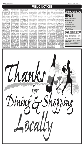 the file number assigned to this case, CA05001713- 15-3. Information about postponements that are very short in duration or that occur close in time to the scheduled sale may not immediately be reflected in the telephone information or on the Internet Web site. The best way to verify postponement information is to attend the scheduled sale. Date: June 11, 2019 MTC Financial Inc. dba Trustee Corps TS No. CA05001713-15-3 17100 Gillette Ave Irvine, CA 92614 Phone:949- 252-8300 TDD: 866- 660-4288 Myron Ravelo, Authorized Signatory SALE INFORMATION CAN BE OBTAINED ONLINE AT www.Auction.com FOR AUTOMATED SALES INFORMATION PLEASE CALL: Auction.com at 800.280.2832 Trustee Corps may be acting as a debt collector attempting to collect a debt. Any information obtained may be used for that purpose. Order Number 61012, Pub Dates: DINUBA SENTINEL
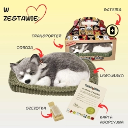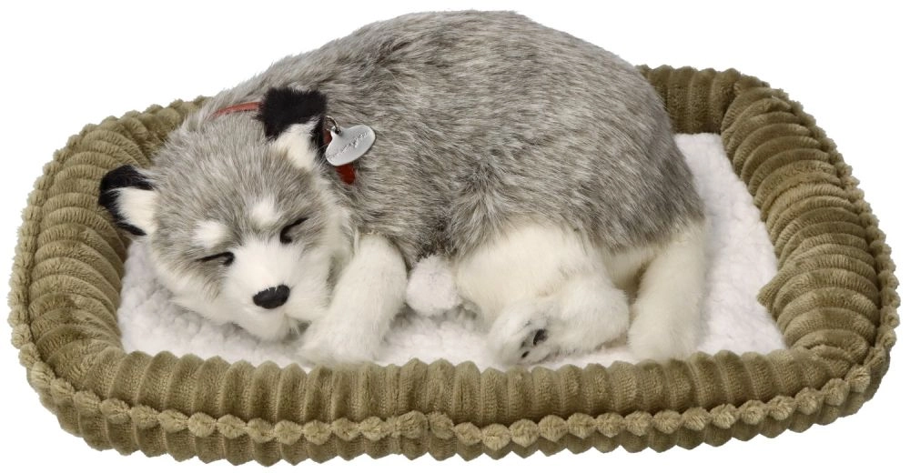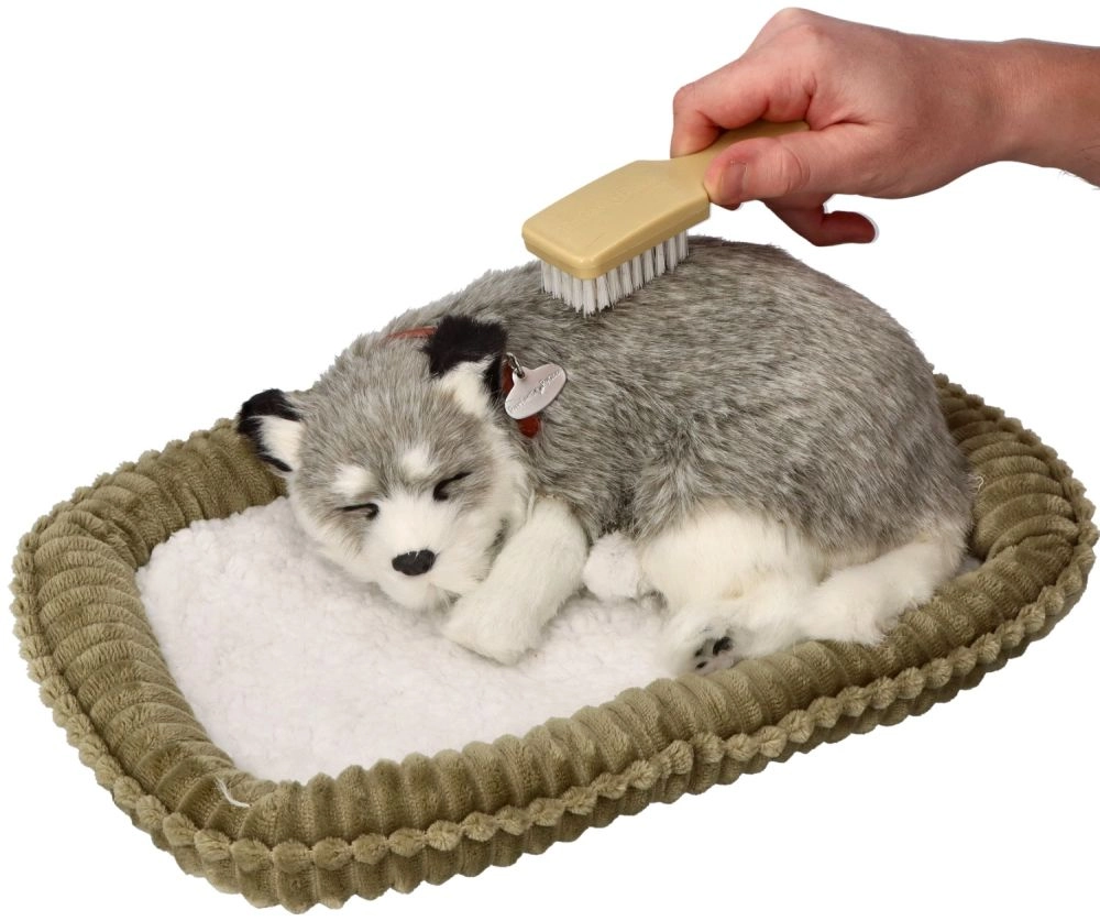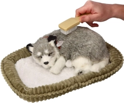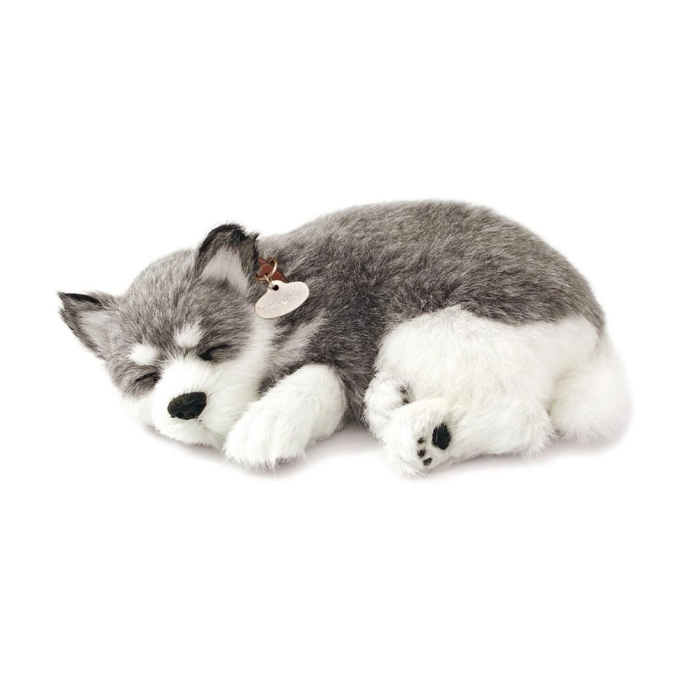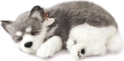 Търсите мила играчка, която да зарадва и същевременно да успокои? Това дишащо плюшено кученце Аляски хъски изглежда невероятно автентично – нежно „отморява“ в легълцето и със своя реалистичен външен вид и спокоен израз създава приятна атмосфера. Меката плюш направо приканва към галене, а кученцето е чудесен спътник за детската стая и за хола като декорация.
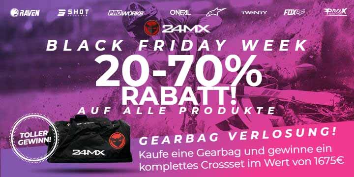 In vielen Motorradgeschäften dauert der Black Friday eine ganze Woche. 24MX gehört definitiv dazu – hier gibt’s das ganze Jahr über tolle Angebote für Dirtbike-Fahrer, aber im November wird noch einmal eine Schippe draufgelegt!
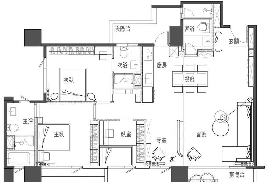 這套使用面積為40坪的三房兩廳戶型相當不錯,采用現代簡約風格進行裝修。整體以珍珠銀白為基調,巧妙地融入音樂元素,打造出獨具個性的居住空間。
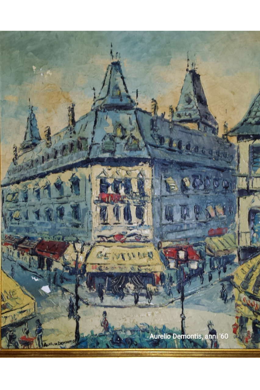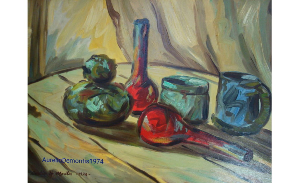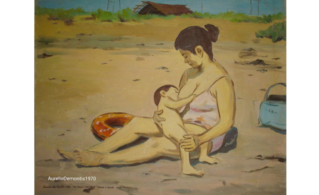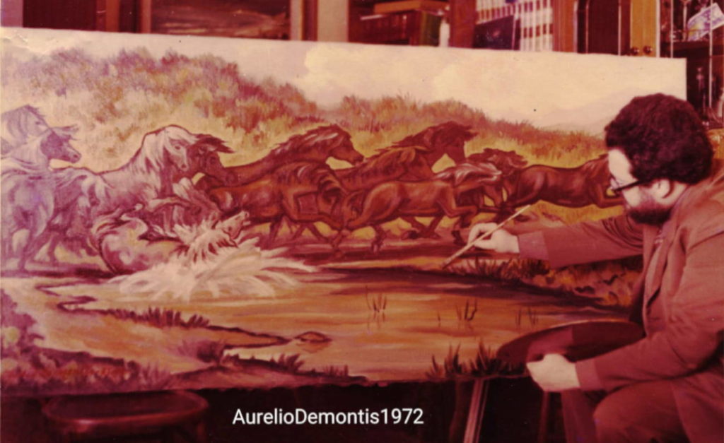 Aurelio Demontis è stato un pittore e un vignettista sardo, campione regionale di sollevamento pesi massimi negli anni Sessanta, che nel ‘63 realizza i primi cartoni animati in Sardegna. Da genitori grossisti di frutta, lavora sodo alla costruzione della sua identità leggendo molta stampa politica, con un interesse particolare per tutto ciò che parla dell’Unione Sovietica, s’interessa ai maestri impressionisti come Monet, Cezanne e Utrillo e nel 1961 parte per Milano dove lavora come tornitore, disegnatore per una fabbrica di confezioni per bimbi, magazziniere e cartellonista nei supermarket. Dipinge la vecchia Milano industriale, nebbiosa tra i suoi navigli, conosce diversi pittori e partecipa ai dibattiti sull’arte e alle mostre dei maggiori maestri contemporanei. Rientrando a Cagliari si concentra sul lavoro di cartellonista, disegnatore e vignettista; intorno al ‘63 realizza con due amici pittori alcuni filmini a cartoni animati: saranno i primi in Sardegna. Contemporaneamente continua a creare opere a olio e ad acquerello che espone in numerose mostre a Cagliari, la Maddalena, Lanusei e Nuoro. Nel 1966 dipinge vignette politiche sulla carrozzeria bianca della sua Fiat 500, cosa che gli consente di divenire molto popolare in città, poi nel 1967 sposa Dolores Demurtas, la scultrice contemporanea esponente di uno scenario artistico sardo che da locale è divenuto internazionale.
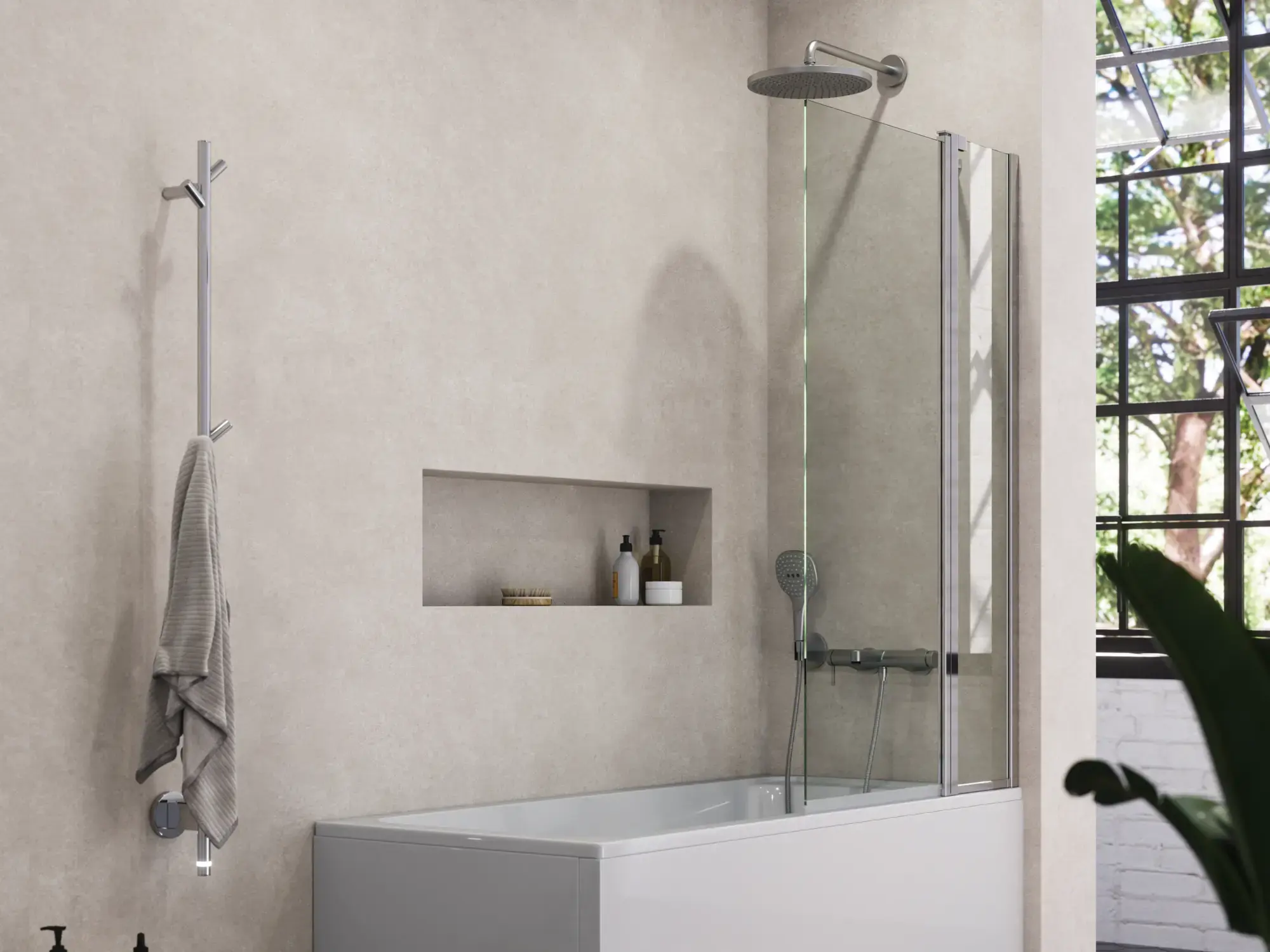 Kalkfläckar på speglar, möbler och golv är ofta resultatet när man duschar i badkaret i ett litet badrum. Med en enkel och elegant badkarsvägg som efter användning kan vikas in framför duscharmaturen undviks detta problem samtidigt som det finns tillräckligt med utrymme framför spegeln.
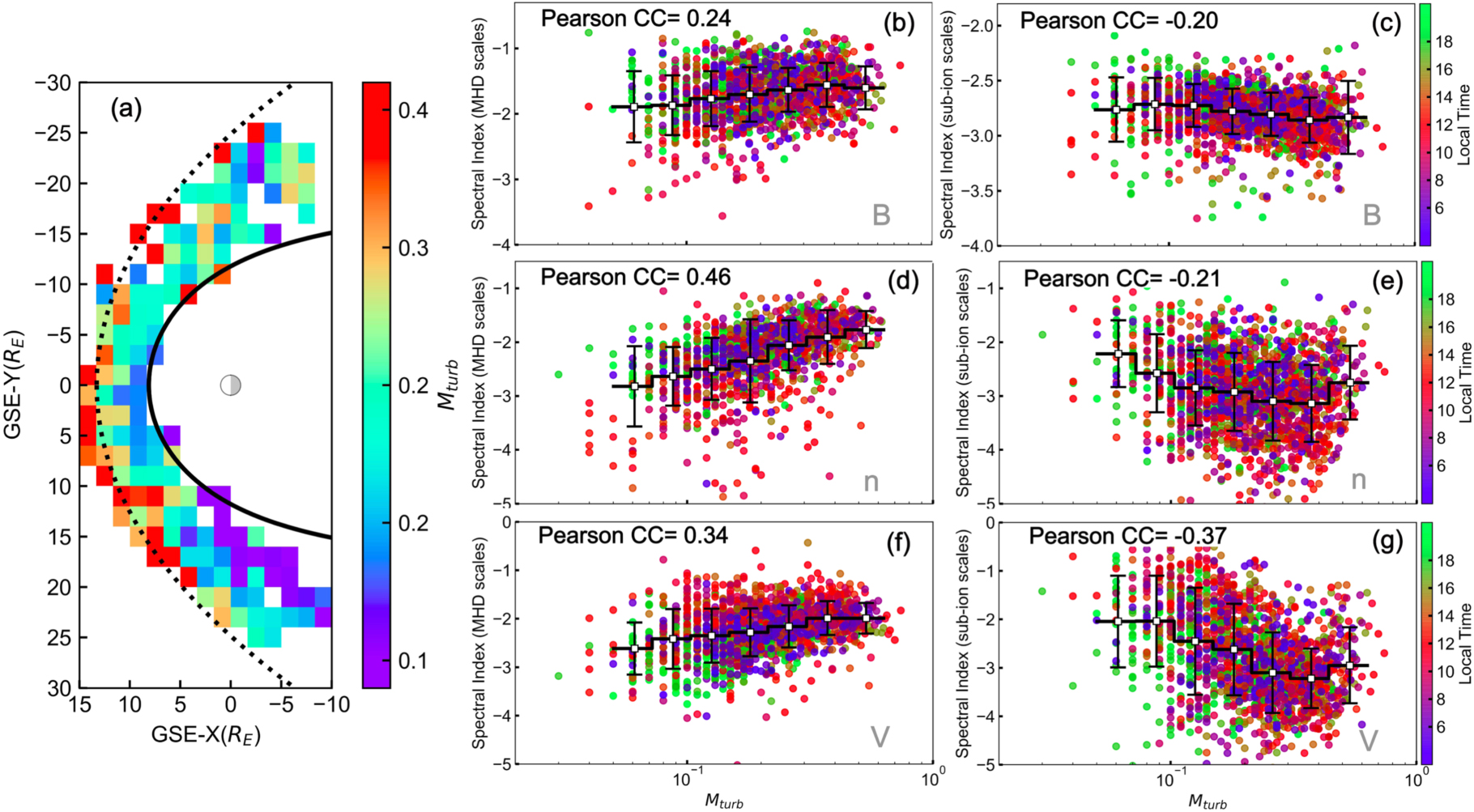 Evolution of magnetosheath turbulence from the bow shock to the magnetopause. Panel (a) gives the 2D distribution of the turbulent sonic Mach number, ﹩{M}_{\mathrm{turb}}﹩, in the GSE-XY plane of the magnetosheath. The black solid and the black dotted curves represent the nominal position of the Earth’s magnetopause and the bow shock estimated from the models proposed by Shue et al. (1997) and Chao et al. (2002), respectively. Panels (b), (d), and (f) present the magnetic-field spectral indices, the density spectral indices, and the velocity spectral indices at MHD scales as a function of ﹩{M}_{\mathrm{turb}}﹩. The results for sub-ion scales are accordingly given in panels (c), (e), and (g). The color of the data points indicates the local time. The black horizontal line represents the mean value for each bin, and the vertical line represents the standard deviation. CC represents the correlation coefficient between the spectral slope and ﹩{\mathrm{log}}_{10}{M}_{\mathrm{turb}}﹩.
──────────────────────────────
**ASSIGNED TASK**
What you return should be all of the material above, exactly, and none of its pictures.

**SOLUTION**
 the file number assigned to this case, CA05001713- 15-3. Information about postponements that are very short in duration or that occur close in time to the scheduled sale may not immediately be reflected in the telephone information or on the Internet Web site. The best way to verify postponement information is to attend the scheduled sale. Date: June 11, 2019 MTC Financial Inc. dba Trustee Corps TS No. CA05001713-15-3 17100 Gillette Ave Irvine, CA 92614 Phone:949- 252-8300 TDD: 866- 660-4288 Myron Ravelo, Authorized Signatory SALE INFORMATION CAN BE OBTAINED ONLINE AT www.Auction.com FOR AUTOMATED SALES INFORMATION PLEASE CALL: Auction.com at 800.280.2832 Trustee Corps may be acting as a debt collector attempting to collect a debt. Any information obtained may be used for that purpose. Order Number 61012, Pub Dates: DINUBA SENTINEL
 Търсите мила играчка, която да зарадва и същевременно да успокои? Това дишащо плюшено кученце Аляски хъски изглежда невероятно автентично – нежно „отморява“ в легълцето и със своя реалистичен външен вид и спокоен израз създава приятна атмосфера. Меката плюш направо приканва към галене, а кученцето е чудесен спътник за детската стая и за хола като декорация.
 In vielen Motorradgeschäften dauert der Black Friday eine ganze Woche. 24MX gehört definitiv dazu – hier gibt’s das ganze Jahr über tolle Angebote für Dirtbike-Fahrer, aber im November wird noch einmal eine Schippe draufgelegt!
 這套使用面積為40坪的三房兩廳戶型相當不錯,采用現代簡約風格進行裝修。整體以珍珠銀白為基調,巧妙地融入音樂元素,打造出獨具個性的居住空間。
 Aurelio Demontis è stato un pittore e un vignettista sardo, campione regionale di sollevamento pesi massimi negli anni Sessanta, che nel ‘63 realizza i primi cartoni animati in Sardegna. Da genitori grossisti di frutta, lavora sodo alla costruzione della sua identità leggendo molta stampa politica, con un interesse particolare per tutto ciò che parla dell’Unione Sovietica, s’interessa ai maestri impressionisti come Monet, Cezanne e Utrillo e nel 1961 parte per Milano dove lavora come tornitore, disegnatore per una fabbrica di confezioni per bimbi, magazziniere e cartellonista nei supermarket. Dipinge la vecchia Milano industriale, nebbiosa tra i suoi navigli, conosce diversi pittori e partecipa ai dibattiti sull’arte e alle mostre dei maggiori maestri contemporanei. Rientrando a Cagliari si concentra sul lavoro di cartellonista, disegnatore e vignettista; intorno al ‘63 realizza con due amici pittori alcuni filmini a cartoni animati: saranno i primi in Sardegna. Contemporaneamente continua a creare opere a olio e ad acquerello che espone in numerose mostre a Cagliari, la Maddalena, Lanusei e Nuoro. Nel 1966 dipinge vignette politiche sulla carrozzeria bianca della sua Fiat 500, cosa che gli consente di divenire molto popolare in città, poi nel 1967 sposa Dolores Demurtas, la scultrice contemporanea esponente di uno scenario artistico sardo che da locale è divenuto internazionale.
 Kalkfläckar på speglar, möbler och golv är ofta resultatet när man duschar i badkaret i ett litet badrum. Med en enkel och elegant badkarsvägg som efter användning kan vikas in framför duscharmaturen undviks detta problem samtidigt som det finns tillräckligt med utrymme framför spegeln.
 Evolution of magnetosheath turbulence from the bow shock to the magnetopause. Panel (a) gives the 2D distribution of the turbulent sonic Mach number, ﹩{M}_{\mathrm{turb}}﹩, in the GSE-XY plane of the magnetosheath. The black solid and the black dotted curves represent the nominal position of the Earth’s magnetopause and the bow shock estimated from the models proposed by Shue et al. (1997) and Chao et al. (2002), respectively. Panels (b), (d), and (f) present the magnetic-field spectral indices, the density spectral indices, and the velocity spectral indices at MHD scales as a function of ﹩{M}_{\mathrm{turb}}﹩. The results for sub-ion scales are accordingly given in panels (c), (e), and (g). The color of the data points indicates the local time. The black horizontal line represents the mean value for each bin, and the vertical line represents the standard deviation. CC represents the correlation coefficient between the spectral slope and ﹩{\mathrm{log}}_{10}{M}_{\mathrm{turb}}﹩.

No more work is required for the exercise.